An avowed feminist, Meltzer expresses a certain ambivalence about Nidetch—on the one hand, she founded a company in which women reclaim their bodies, but she unequivocally encouraged women to conform to aesthetic norms and, as Meltzer writes, “keep up with the labor of femininity.”
Meltzer also notes that Nidetch’s career skyrocketed precisely during the same early 1960s period that Julia Child’s and Betty Friedan’s did. These two cultural icons were celebrated for completely different approaches to embracing womanhood, be it through gustative indulgence or bulldozing the housewife trope.
Meltzer’s own understanding from reading feminist texts was: “Good feminists, in short, do not diet.” Nonetheless, she does not fall into this camp herself: “For someone raised without religion, dieting has been a source of faith.”

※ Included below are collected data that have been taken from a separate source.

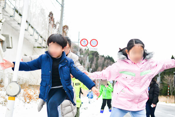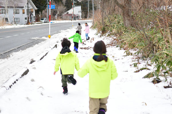 やがてバスを降りると、一面に降り積もった雪に子どもたちは大興奮!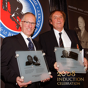 Mike 'Doc' Emrick (left) and Neil Stevens (right) graciously accept the Foster Hewitt and Elmer Ferguson Memorial Awards respectively. (Dave Sandford/HHOF/10Nov08)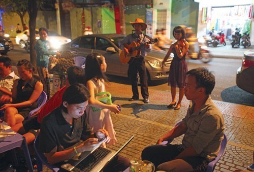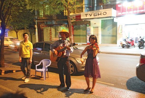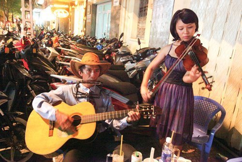 Minh vừa đàn vừa thổi harmonica vừa hát. Còn Quyên chỉ đệm violon.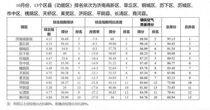 济南广电·天下泉城客户端11月19日讯 近日,济南市生态环境局发布10月份各区县(功能区)环境空气质量得分及排名,13个区县(功能区)排名依次为济南高新区、章丘区、钢城区、历下区、历城区、市中区、槐荫区、天桥区、莱芜区、济阳区、平阴县、长清区、商河县。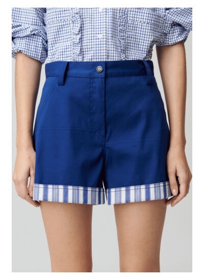 Short court à surpiqûres ton sur ton avec ourlets à rayures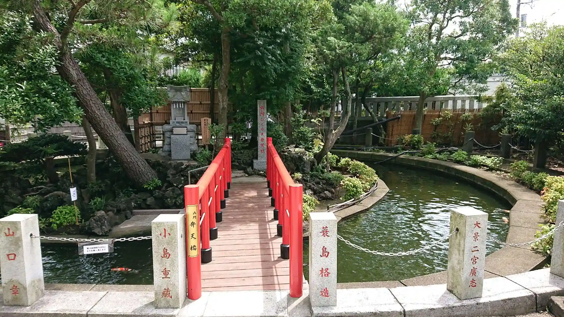 境内には茶店風に傘と緋毛せん。お茶会が出来そうな雰囲気を醸し出していた。鳥居は国道1号線に面しており、境内から離れている。神池は井戸の水を利用しており、竜神様が祀られいました。御朱印は丁寧に手書きで戴きました。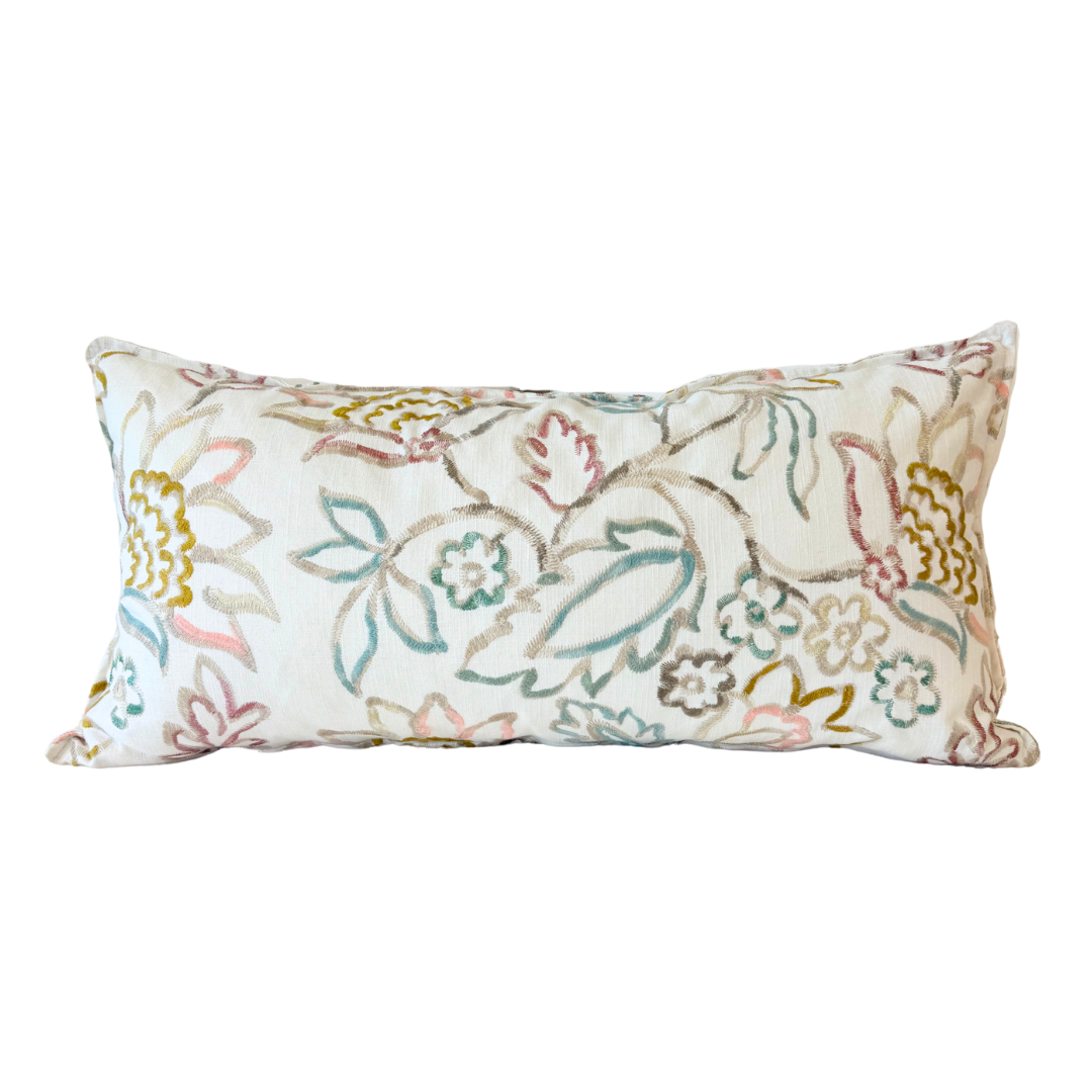 Funda de cojín 90 x 50 cm bordado en tonos pastel.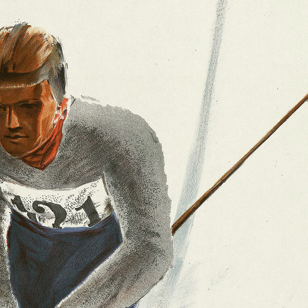 Color and form elevate this piece beyond simple promotion. A luminous, mostly white ground evokes open snowfields, against which rich blue brushwork sweeps forward to suggest speed and carving turns. Splashes and curving lines animate the skier’s path, while accents of red and black in the typography deliver graphic punch and impeccable legibility. The dynamic diagonal composition, restrained palette, and suave modernist lettering make this a striking focal point in contemporary interiors—perfect above a console, in a hallway gallery, or as chalet-inspired wall art that pairs beautifully with natural woods, charcoal textiles, and winter neutrals.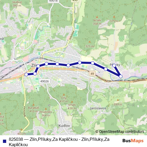 Bus 825038 - Zlín,Příluky,Za Kapličkou - Zlín,Příluky,Za Kapličkou in Zlin: Stops & Timetable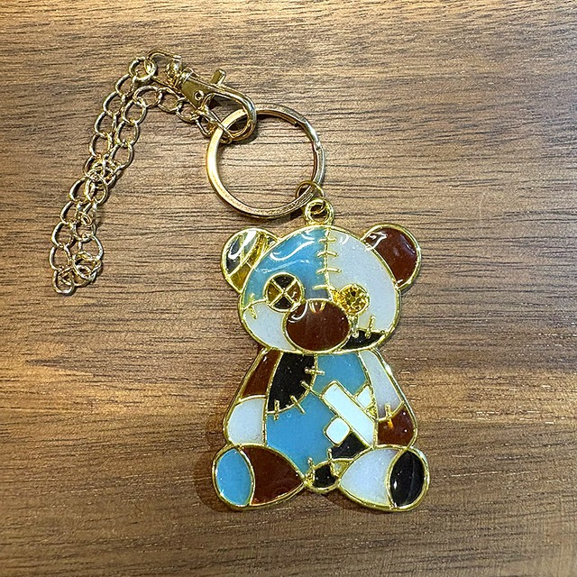 【ツギハギシリーズ】クマのウル(ブルーxブラウン)バッグチャーム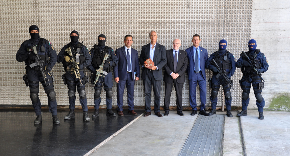 Ad attendere il presidente del CONI oltre il comandante del NOCS Andrea Mainardi, il direttore della scuola tecnica della Polizia di Stato dott. Domenico Scali ed il dott. Flavio D’Ambrosi delle Fiamme Oro.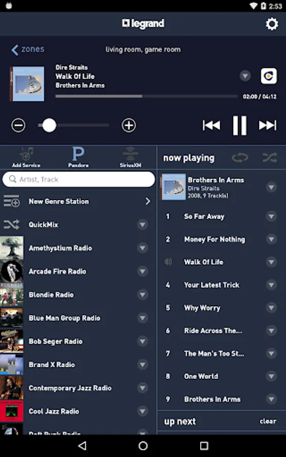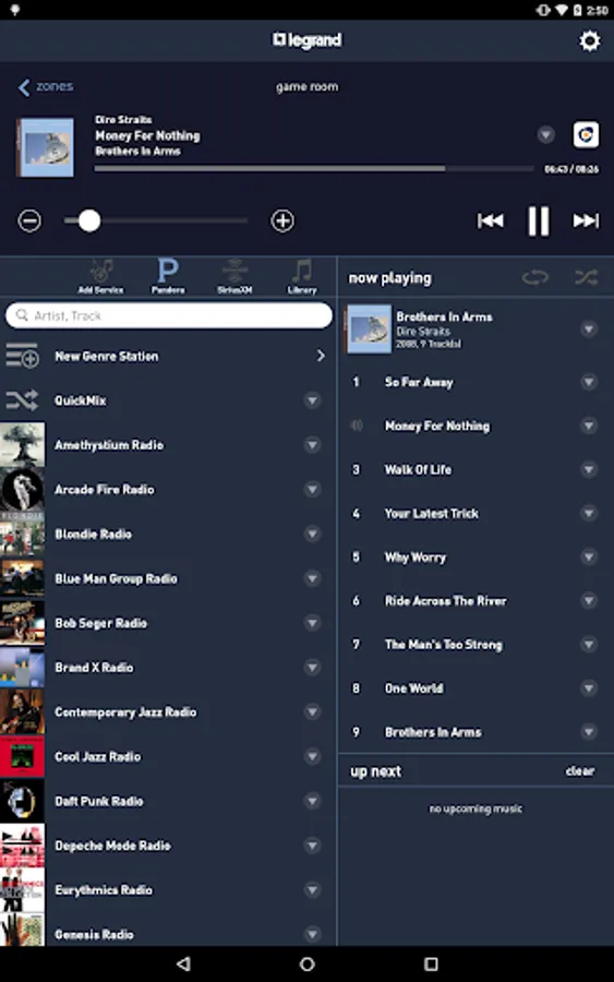 The On-Q Digital Audio app makes it easy to control the music you love throughout your entire home. Designed for intuitive and aesthetic wireless control of your entire On-Q Digital Audio System (sold separately), the app puts the expansive variety of Internet Radio, plus your personal music library, right in the palm of your hand. Play any music selection from your iTunes or Windows libraries, or even access audio from favorite streaming services. Enjoy the listening freedom.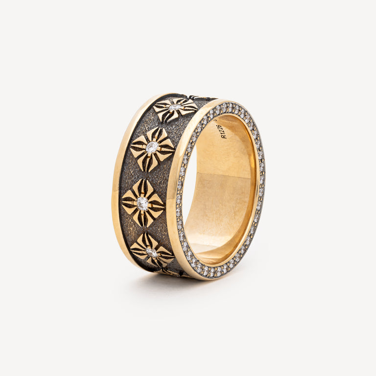 Sublime yellow gold ring adorned with the Shamballa logo and paved with white diamonds.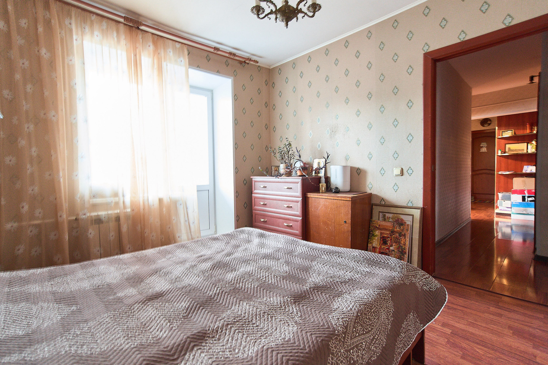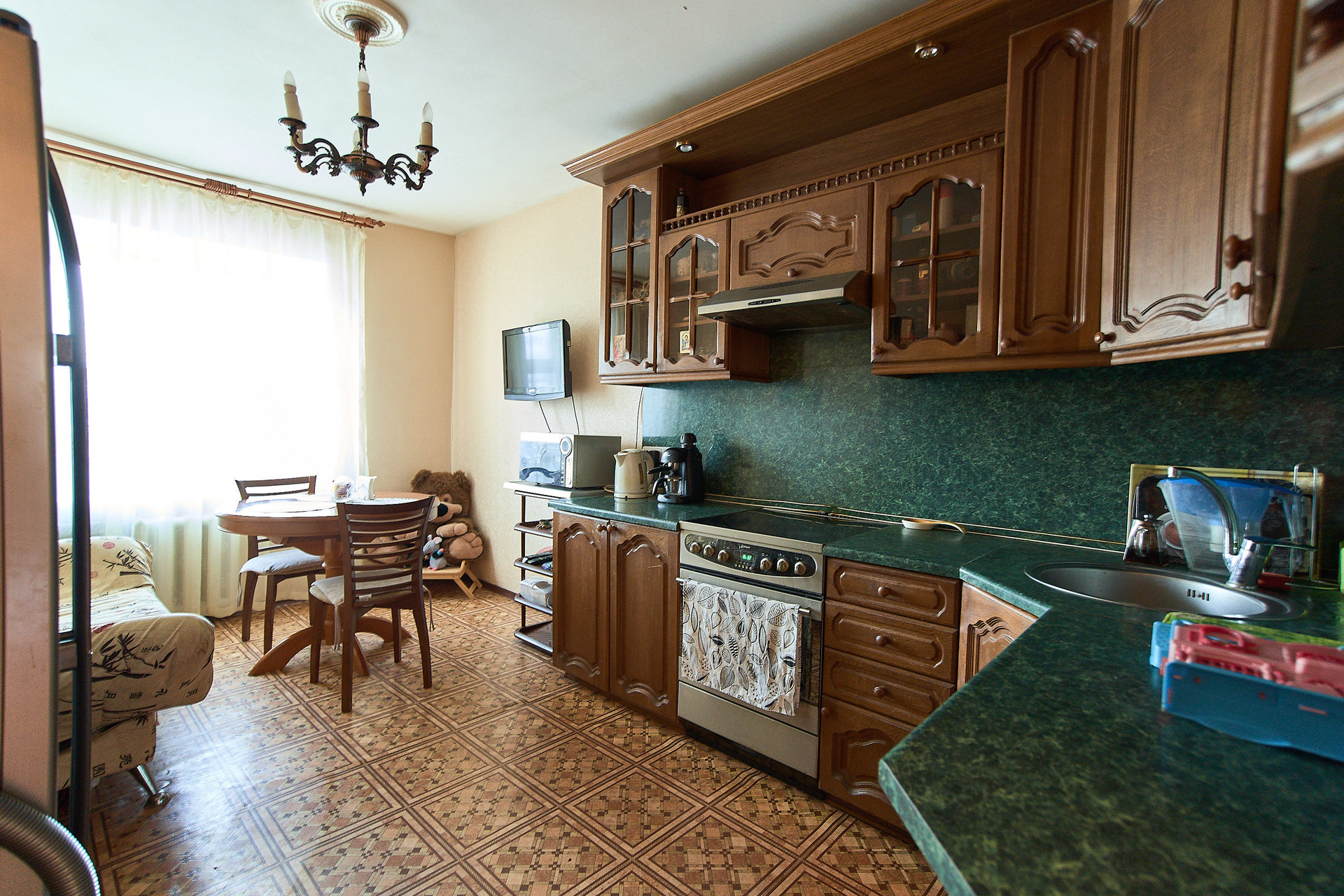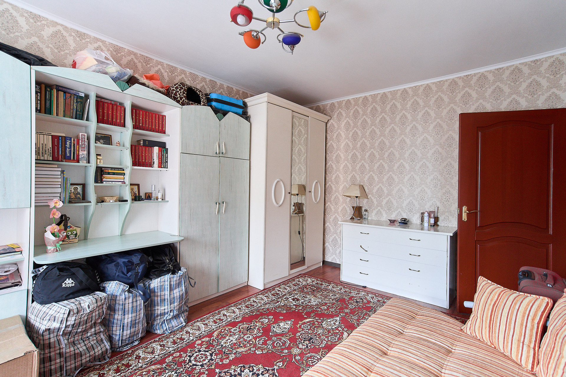 Межкомнатные двери из натурального дерева, остается классический кухонный гарнитур с плитой, диваны. большой зеркальный шкаф во входной группе и белая стенка-горка.

That sense of faith can be a perverse one. Meltzer’s obsessiveness around dieting makes her not only keenly observant but competitive. She mentions how celebrities she has profiled as a journalist (from Busy Phillips to Karlie Kloss to Roxane Gay) or simply encountered (Padma Lakshmi, in the waiting room of a lymphatic massage parlor) have eroded her sense of self and left her feeling deflated.
The modern celebrity’s mix of “worship me”aspiration while maintaining an “I’m just like you” accessibility promotes untenable standards for body acceptance. Meltzer rarely broadens the spectrum of who else is affected by these feelings of self-consciousness, but it’s interesting when she mentions others—like a police officer in her Weight Watchers group who expresses unease about the fit of his bulletproof vest due to his size.
The book concludes on a wavering note of self-forgiveness. Meltzer doesn't tack on false epiphanies but gives herself room to keep clarifying her own needs. Her ultimate wish would be to live as though disembodied altogether, her fantasy “to be whatever size it is and for no one to see me as fat; for the social perception of fatness to cease to exist... it’s less about a hatred of fat people or my body and more about wanting to be able to live in a way where I am noticed for what I choose.”